— Сашенька, обрежьте Сережины патлы и сделайте себе паричок, — послышался дурашливый голос Сашка, покрытый всеобщим смехом. О Верочке забыли. Конечно, ненадолго. До конца обеда. А потом началось: «Что случилось с нашей бесстрашной малышкой? Откуда такая робость?» — играя вишневыми глазами, домогалась Татуша. «Как же ты срезалась! Я чуть не умерла, глядя на тебя», — приставала малолюбопытная обычно Леля. Даже Миссочка с ее выдержкой и тактом не устояла перед искушением: «What happened with you? Miss Tatusha pushed me under the table and said to me: «Just look at Vera, what is the matter with her?»
— Да что вы привязались ко мне? — неожиданно храбро выпалила Верочка. — Я просто не поняла, чего тетя от меня хочет.

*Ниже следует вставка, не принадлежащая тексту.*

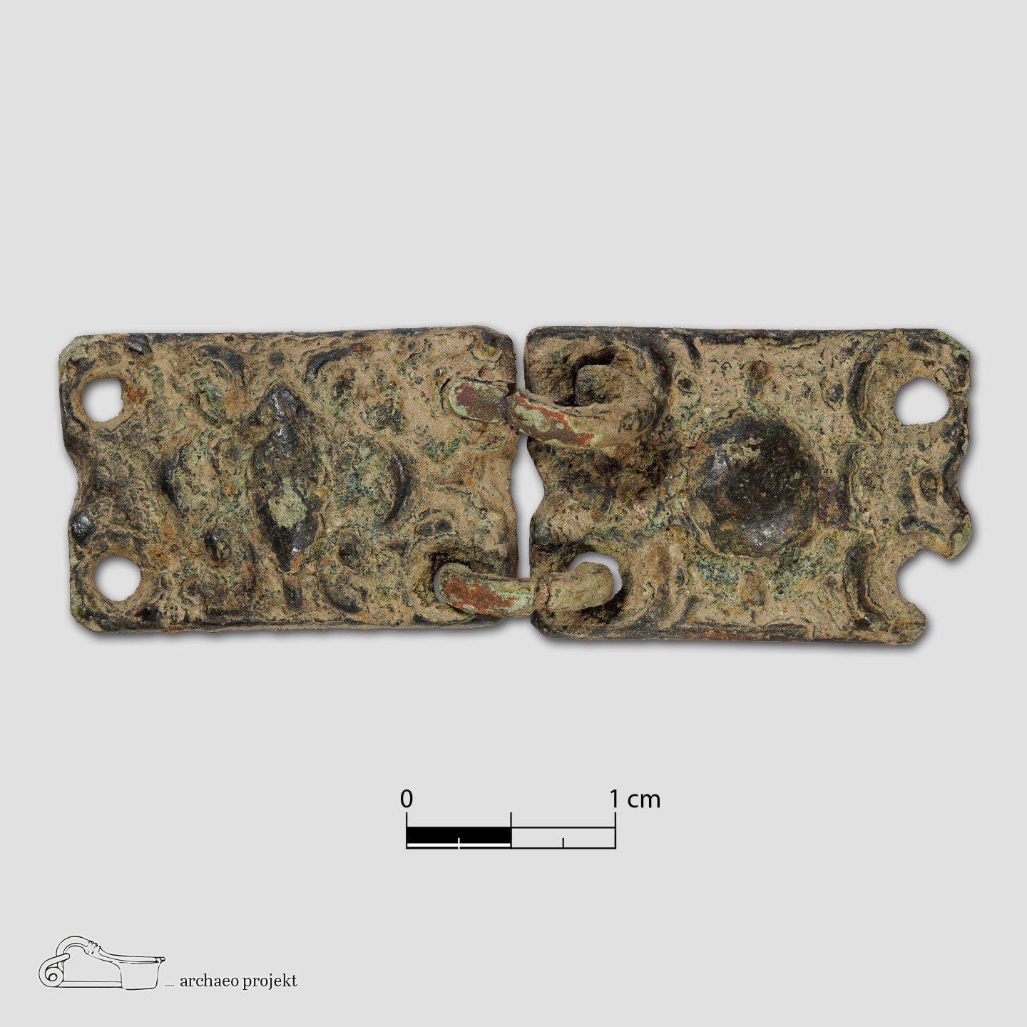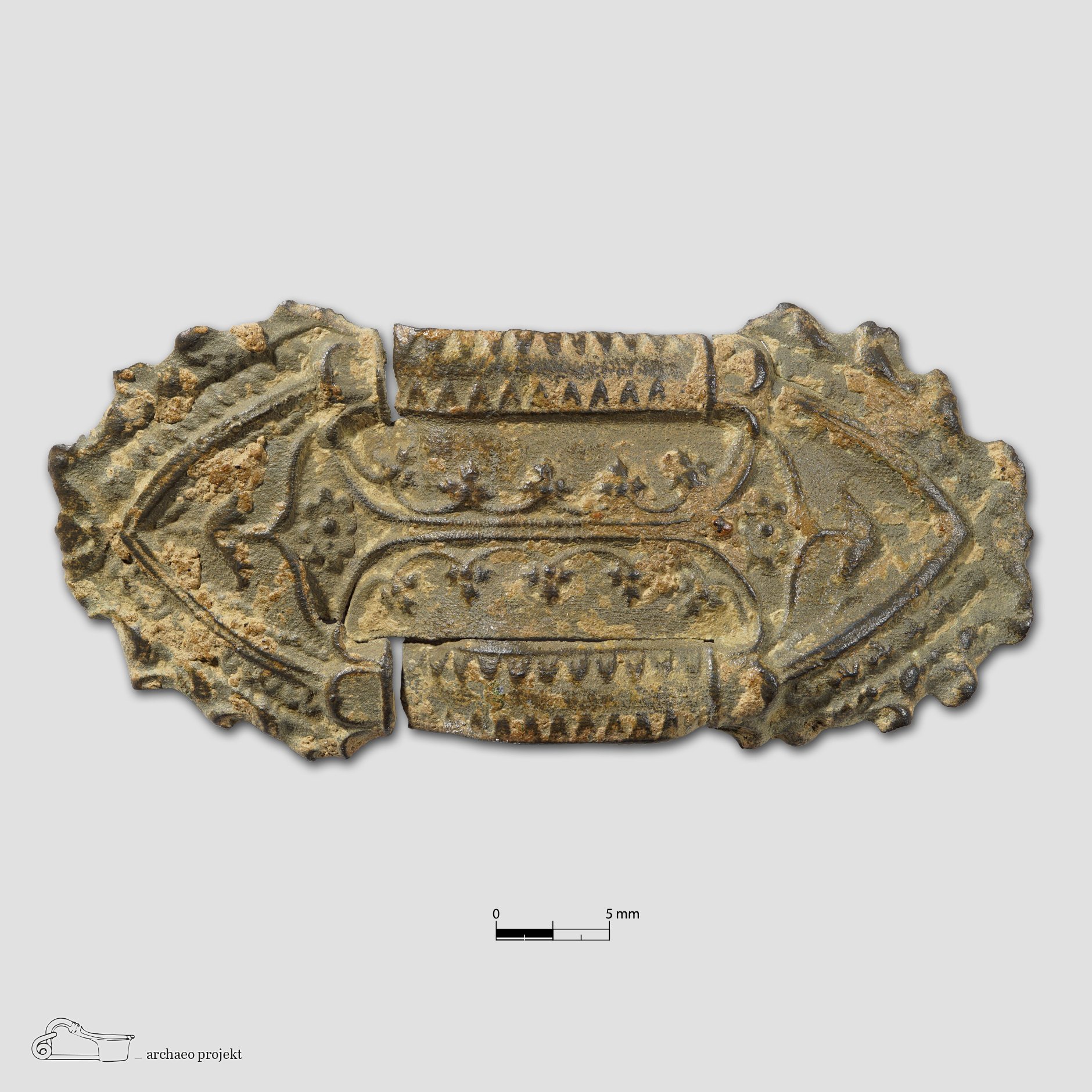 | Beschreibung | Kleiner Gürtelhaken mit Verzierung im Stil der früheren Blankwaffenhaken. Vermutlich eher Schmuck als Funktion. |
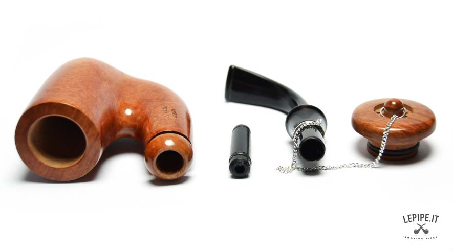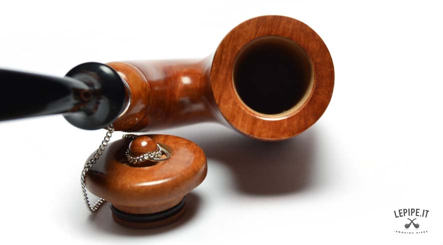 A distinctive feature of this pipe is the lid, which not only adds elegance to the design but also serves a vital practical function. The lid helps protect the tobacco, maintaining the ideal temperature and humidity. With small holes for controlled combustion, it prevents the tobacco from going out or being wasted, especially in outdoor conditions. It is particularly useful when smoking outside, protecting the ember from wind and flying ash. The lid attaches directly to the bowl of the pipe, providing both convenience and functionality.
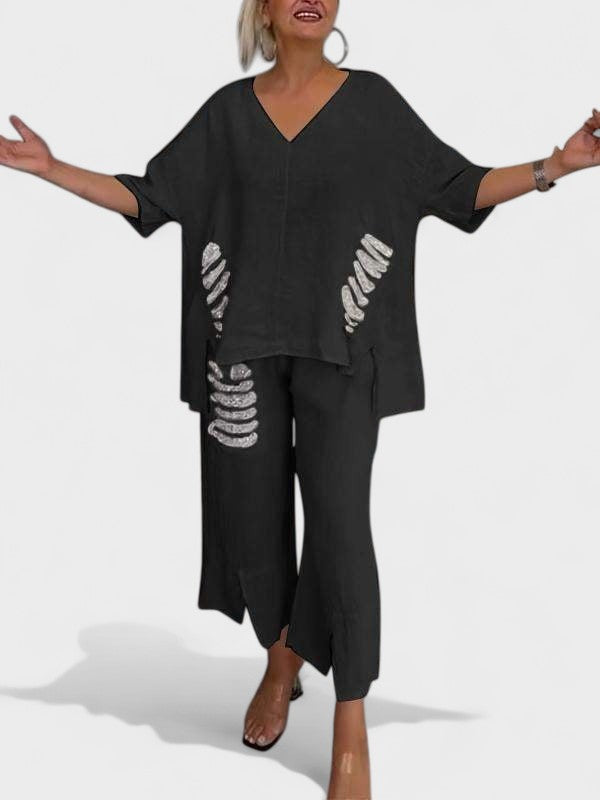 Raisa - V-Ausschnitt Zweiteiliges Set Für Sommer
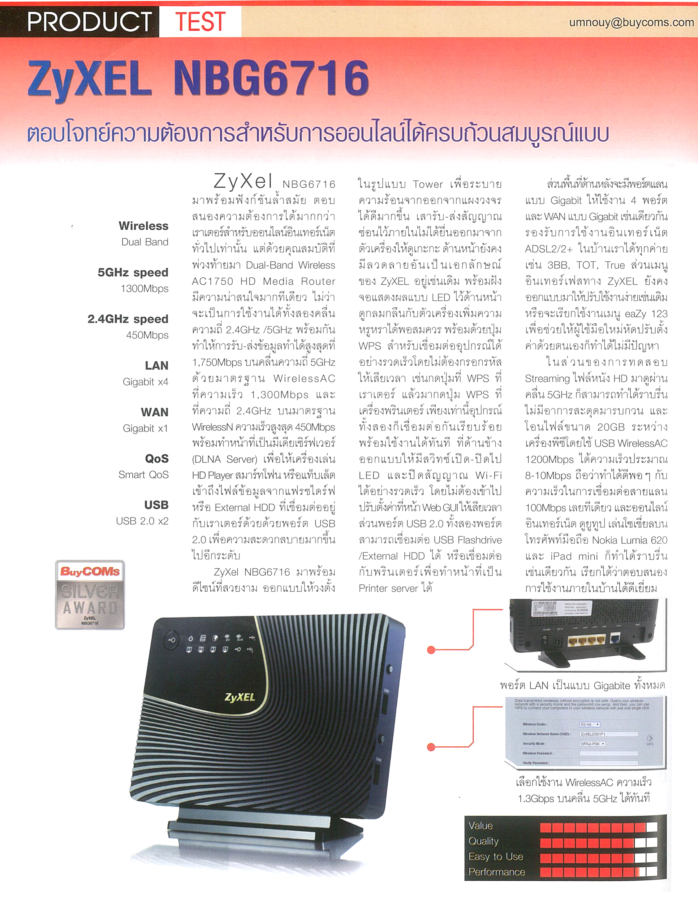 ZyXEL's GS1900-8HP, an 8-port GbE Smart Managed Switch, was reviewed by Micro Computer Magazine of Thailand.
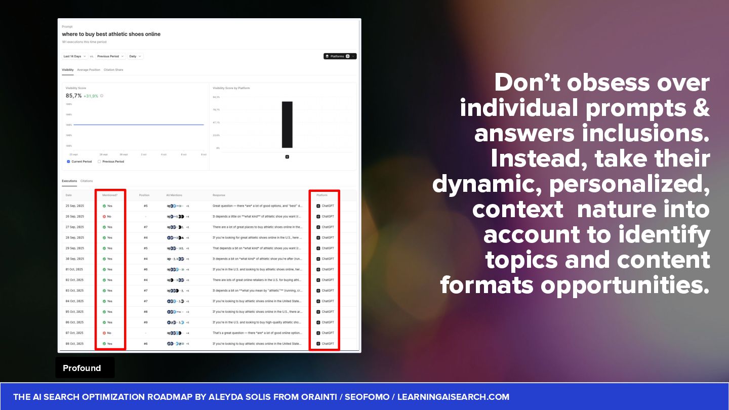 their dynamic, personalized, context nature into account to identify topics and content formats opportunities. Profound THE AI SEARCH OPTIMIZATION ROADMAP BY ALEYDA SOLIS FROM ORAINTI / SEOFOMO / LEARNINGAISEARCH.COM

Она знала, что это звучит неубедительно, но сейчас ей стало все равно. Она почувствовала в себе какие-то странные силы и напрочь выбросила из головы мысли о Миссочкиных таблетках. Одна Наташа Сатина ни о чем не спрашивала. Неужели эта девочка с пухлым ртом и грустными глазами обо всем догадалась? Догадалась о том, что Верочка трепещущей рукой поверила на другое утро своему дневнику: «Конечно! Больше нет никаких сомнений, я влю-бле-на! Если меня спросят, когда и как это случилось, то я ничего не сумею ответить, я только знаю одно, что я люблю его. Во всяком случае, это случилось внезапно и против моей воли. Что будет дальше? Рада ли я этому? Всего этого я не знаю. Я только знаю, что сегодня всю ночь видела его во сне и мне было так хорошо, так отрадно, что я совсем другая, гораздо лучше, чем, прежде. Мне казалось, что я за одну ночь выросла, похорошела, поумнела, сделалась добрее, на душе было ясно, весело, спокойно! Я вся прониклась какой-то гордой уверенностью в самой себе…»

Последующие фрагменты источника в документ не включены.